Isana Wild leo

Kolejny żel pod prysznic z Isany, który miałam okazję testować. Pod wieloma względami nie odbiega on od pozostałych żeli tej marki. Jest jednak pewien taki niuans, który sprawia, że moja ocena tego produktu znacząco się zmienia.

Isana

Isana Wild leo - co pisze producent

Na opakowaniu można przeczytać: "Isana Kremowy żel pod prysznic WILD LEO o ekscytującym kwiatowym zapachu. Produkt odpowiedni dla wegan. Wyczuwalnie delikatniejsza skóra. Odkryj w sobie lwa i zanurz się w ekscytującym kwiatowym zapachu kremowego żelu pod prysznic Isana WILD LEO. Kompleks pielęgnacyjny pomaga zachować równowagę gospodarki wodnej skóry i w ten sposób chroni skórę przed wysuszaniem. Skóra jest miękka i elastyczna w dotyku."

Pojemność - 300 ml

Cena - około 4 zł

Skład:

Isana

Isana Wild leo - moja opinia

Żel pod prysznic jest faktycznie kremowy w swej konsystencji i całkiem nieźle pielęgnuje skórę. Delikatnie ją nawilża, przez co jest ona po prysznicu naprawdę przyjemna w dotyku.

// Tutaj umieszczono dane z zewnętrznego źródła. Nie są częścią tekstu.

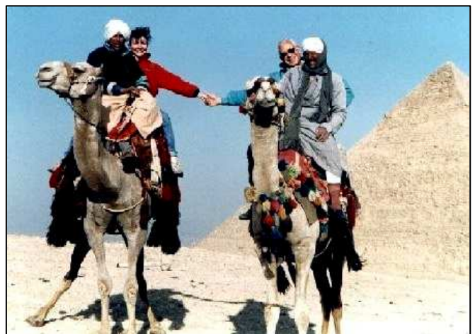
Holding on after the quake (or "Riding with the Taliban")

* I learned later that this film depicts the 1940 collapse of the Tacoma Narrows Bridge in Washington—as the result of wind-induced torsional oscillation, not an earthquake.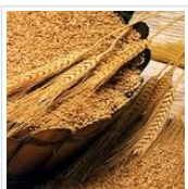
Grain markets gain further ground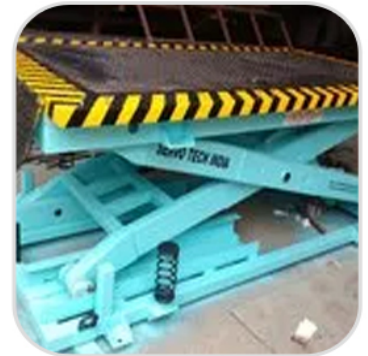
Hydraulic Scissor Lift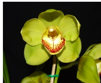
Cym. Winter Showers x Green Spectacle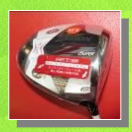
Srixon Wood Z525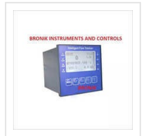
Oil Flow Transmitter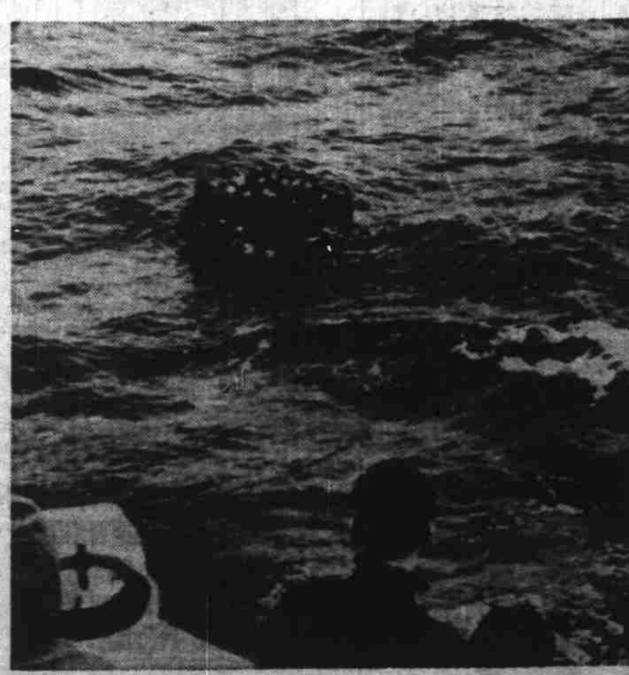
Near exhaustion after many days afloat, these 16 men crowded onto a single life raft were found drifting in the north Atlantic by a US coast guard cutter. Guardsmen in foreground stand ready for rescue as the cutter maneuvers into position. The seamen were cast adrift when their ship was torpedoed by a German submarine.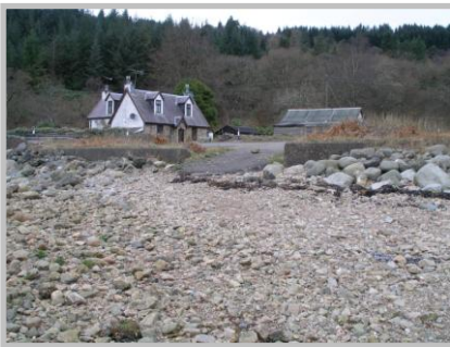
Shore access from lay-by at Sloc nam Fearna

The main A83 trunk road runs parallel to the loch shore from Aird nan Ròn to Strondoir Bay. There is only one point of access to the loch, at the Sloc nam Fearna lay-by, where it is possible to launch small boats from trailers. This access to the loch lies adjacent to an old concrete jetty which is in a state of ruin.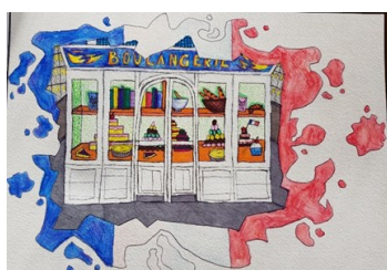
1st Place Emmylou Crozer 8 Green

After careful consideration we have chosen our top three.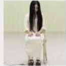
The Terrifying Girl From 'The Ring' Grew Up To Be Gorgeous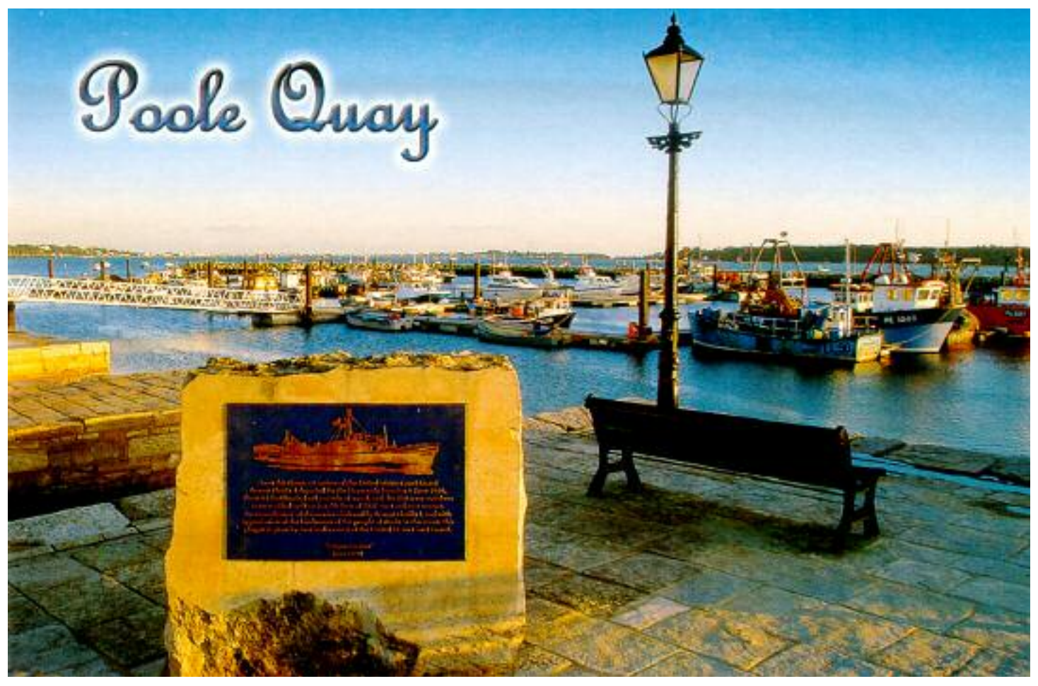
The CGCVA monument commemorating the World War II Rescue Flotilla Fleet of 83-footers in Poole, England.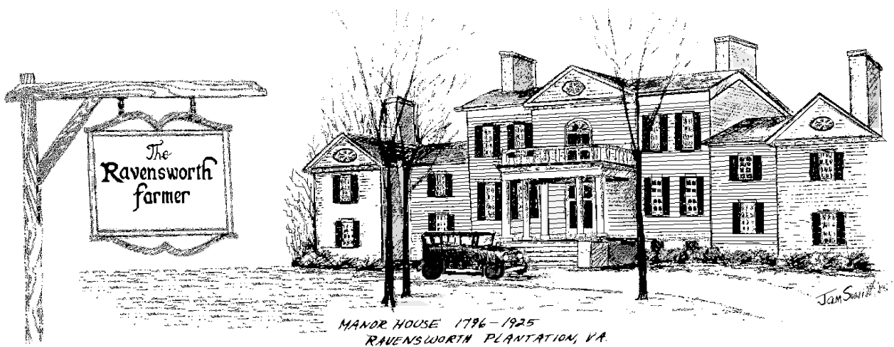
MANDR HOUSE 1796-1925 RAVENSWORTH PLANTATION, VA.

The Official Publication of the Ravensworth Farm Civic Association, Inc. Springfield, Virginia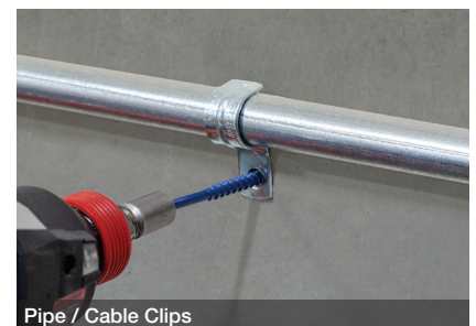
Pipe / Cable Clips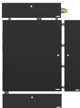
Typical battery/wiring setup with Trove3 Enclosure (not included)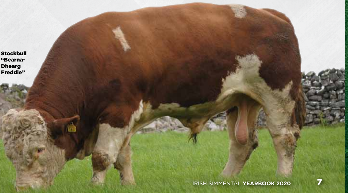
Stockbull "Bearna- Dhearg Freddie"

nationally for these traits having an average replacement index of €116 up from €87 in 2014. The herd also had an incredible 1.12 calves per cow in 2018, with an average calving interval of 366 days. A number of cows were presented on the day to highlight the herd's efficiency. In fact one of the cows focused on had reared 8 calves in 5 years with a calving interval of 381 days.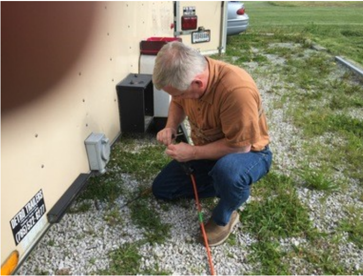
W9KJO rewires the 4-prong input plug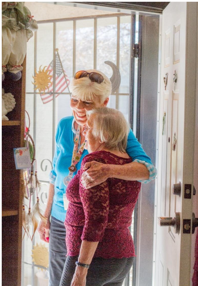
Photo of NAU's Senior Companion Program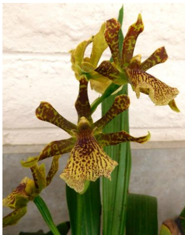
Zygo. AGWA Kiwi Gold 'Nugget'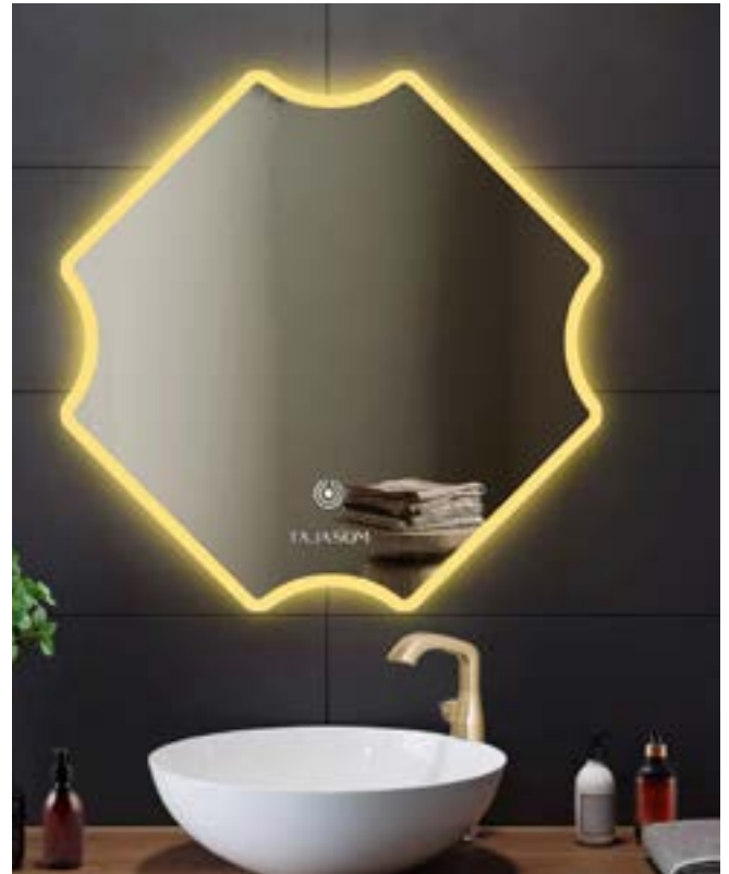
GOLSHID 70 x 70 cm

Nie wywołuje podrażnienia skóry, ani żadnego uczulenia.

Niestety ogromnym minusem jest zapach tego żelu. Dla mnie jest on taki "babciny", przesłodzony totalnie. Niestety tak działał mi on na nerwy, że ledwo dałam radę go używać. O zgrozo! Skóra po prysznicu także nosi taki zapach.

Niestety z tego powodu nie polecam Wam tego żelu, jak również uroczyście oświadczam, że sama również go więcej nie kupię.